Vegetarian Mapo Tofu with Japanese Flavor
Serves 4
10 mins prep
10 mins cook
20 mins total
This Vegetarian Mapo Tofu features mild Japanese flavors that are appetizing and not too spicy, yet still satisfying for the whole family!
Dashi Soup
Prepare Dashi Soup: The day before, in a small bowl, combine mirin, soy sauce, miso paste, potato starch, and water until well mixed. Add dried shiitake mushrooms, then refrigerate overnight to allow them to soak.
Prepare Ingredients: Finely chop scallions, ginger, and garlic. Squeeze the soaked dried shiitake mushrooms, remove the stems, and chop them finely. Cut the tofu in half; dice one half into bite-size pieces and leave the other half whole.
Cook Garlic and Ginger: Heat sesame oil in a frying pan over low heat.
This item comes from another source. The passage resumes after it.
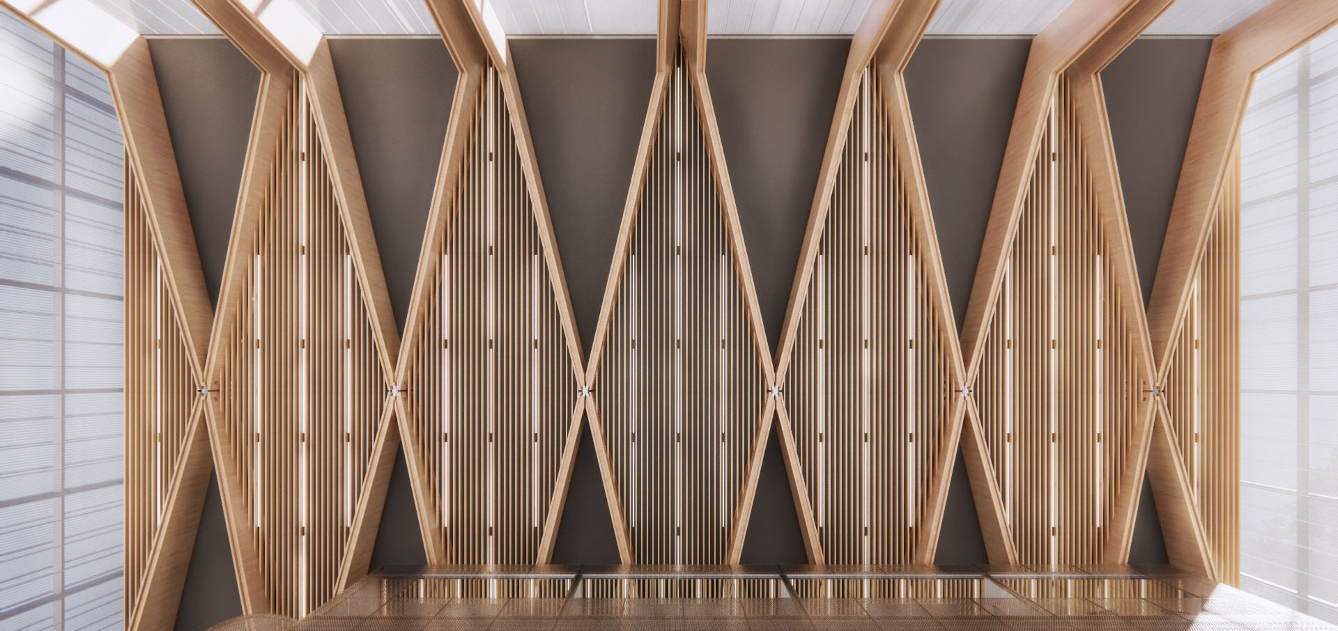 The clear outer appearance of the building is combined with a hall construction of constrained frame members that are shaped and twisted geometrically as well as spatially.

Add garlic, ginger, and doubanjiang. Cook until fragrant.
Add Shiitake and Tofu: Add the whole half of tofu and chopped shiitake mushrooms to the pan. Stir-fry over medium heat for 2-3 minutes, scrambling the tofu.
Simmer: Pour in the prepared dashi soup and add the diced tofu. Bring to a boil, then reduce heat and simmer for about 3 minutes.
Final Step: Add chopped scallions and stir lightly before serving.